The challenge was based on the contention that the “country” or the “territory” stated in the notice of the decision was not one that satisfied the requirements of the 1971 Immigration Act 1971, and therefore the decision was unlawful under Section 82 of the Nationality, Immigration and Asylum Act 2002 (“the 2002 Act”)
The appellant, who was born in Gaza in 1985, had been living in Libya since the age of 5. In 2007 he entered the UK clandestinely in a lorry, and subsequently claimed asylum. This was rejected by the Secretary of State. His appeal of this decision was dismissed by the Immigration judge. She also dismissed this appeal insofar as it was based on the contention that the original immigration decision to remove him was “not in accordance with the law”.
The argument advanced was that removal directions could not lawfully be given to remove the appellant to the Palestinian Territories pursuant to Schedule 2 of the 1971 Act, since it was not a country to which there was reason to believe that the appellant would be admitted. Evidence was advanced on behalf of the appellant that a Palestinian could not return to the Palestinian Territories without an ID card. The appellant had no birth certificate, no living parents and no ID.
Central to this appeal was the question whether the specification of a particular country in a notice of an immigration decision to remove an illegal entrant within the meaning of the 2002 Act is an integral part of the decision. If it is, then there is a right of appeal under the Act if it is not in accordance with the law to specify that particular destination country.

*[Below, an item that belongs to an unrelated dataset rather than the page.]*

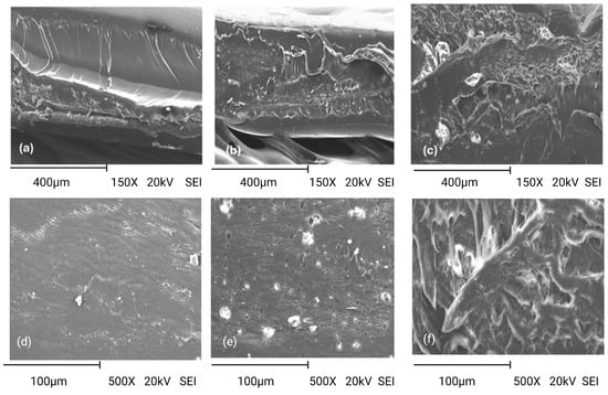 Cross-section micrography of the control bilayer film and bilayer films with the addition of asparagus extract residues: F0% film (a,d); F1% film (b,e); F4% film (c,f). Magnification was 150× for (a–c), and was 500× for (d–f).

The Supreme Court dismissed the appeal. In an immigration decision, the Secretary of State needs to do no more than show that the destination country or territory to which he proposes to remove an illegal entrant is one to which there is “reason to believe” that the illegal entrant will be admitted within a reasonable time of the making of the immigration decision.
The language of Section 82(2)(h), when read in its statutory context, does not support the argument that the proposing of a destination country is an integral part of an immigration decision. The only case where Parliament has provided a right of appeal against a decision to remove by reference to the potential illegality of the removal, is where the removal would breach the Refugee Convention or the ECHR. The 2002 Act does not permit a challenge to removal directions on any grounds: this is shown by the fact that when Parliament has provided in other legislation for a right of appeal against removal directions, it has done so in express terms.
On practical and policy grounds, it may be very difficult for the Secretary of State at the decision stage (and then the Immigration Tribunal at the appeal stage) to decide whether, when the removal directions come to be given in the future, the Palestinian Territories will be a country or territory to which there is a reason to believe that the appellant will be admitted. In the unlikely event that removal directions are given which cannot be implemented and the Secretary of State stands by his directions despite the problems identified by the person to be removed, then judicial review is available.